Jeeter Swenson wanted to come back to the Inn. She was glad the old man was feeling better. Mike the groundskeeper could pick him up.
Adela was scheduled for discharge. Quill frowned at that one, and read Dina’s note. Pls pick her up since she is not speaking to that man. She’d assign Mike to that duty, too.
There were a total of twenty-six messages about the fete. Dina had separated them into three piles labeled A, B, and C. There were a number of sticky notes attached to the piles, and a longer note that read:
Pile A: demands for payment for various fete invoices
Pile B: questions about fete booths and stuff????
Pile C: who killed Linda Connelly????
BTW: Elmer said the committee voted you in as fete director.
There was a smiley face at the end of the note.
Another committee?

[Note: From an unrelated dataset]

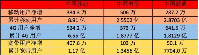 盡管中國聯(lián)通和中國電信已經(jīng)“蠻拼的”,但是不得不承認,中國移動依然是這個市場的“大哥大”。在移動用戶總數(shù)上,電信聯(lián)通依然無法企及,4G用戶上更是突破了6.5億。同時在固網(wǎng)方面持續(xù)發(fā)力,作為后起之秀搶占了不少固網(wǎng)市場。

Worse yet, the committee that managed all the other committees?
There was a hissing sound in the office. Startled, Quill realized she was making it.
She called Elmer’s cell. He didn’t pick up. Quill didn’t bother to sound pleasant. She wasn’t feeling pleasant. “My office, Mayor. Nine o’clock. Be here.” She called Dookie, who always answered his phone no matter what the hour, and he said, of course, he would be there and so would Mrs. Shuttleworth and they both felt Quill would make a fine fete director.

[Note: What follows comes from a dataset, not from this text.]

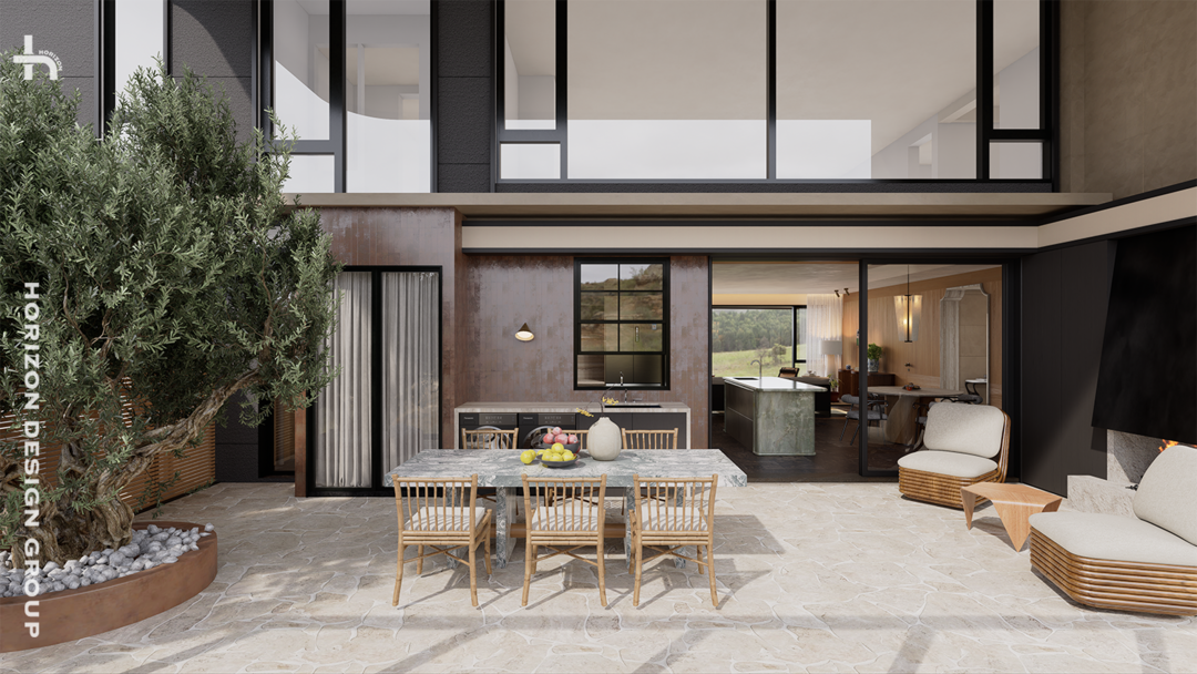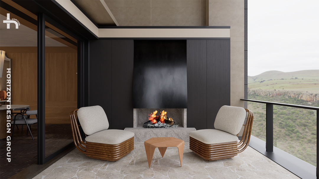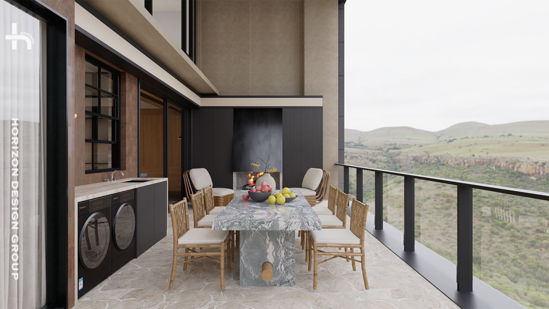 相较于室内空间的璞玉细琢,露台空间化繁为简,回归本质。从质感和实用出发,耐用易打理的地面、强大的收纳、极具质感的金属真火壁炉,最后回到整合的洗衣区。每一项都直指核心需求,并力求以最优雅的方式呈现。

As for Althea Quince, Quill was pretty sure she’d find her where she was every morning; on the terrace off the Tavern Lounge.
Quill stacked the pink slips up and scrawled a note to Dina: RE: All inquiries: fete director to be announced soon. P.S. I’m not doing it!!!!
She set those aside.
There was a stack of mail, too.
Quill sat and looked at it. There was a time, in the past, when it was agony to go through the mail, mostly because of the unpaid invoices she had to juggle. That wasn’t true anymore. The Inn was doing well thanks to the thousands of tourists who’d discovered the glories of upstate New York.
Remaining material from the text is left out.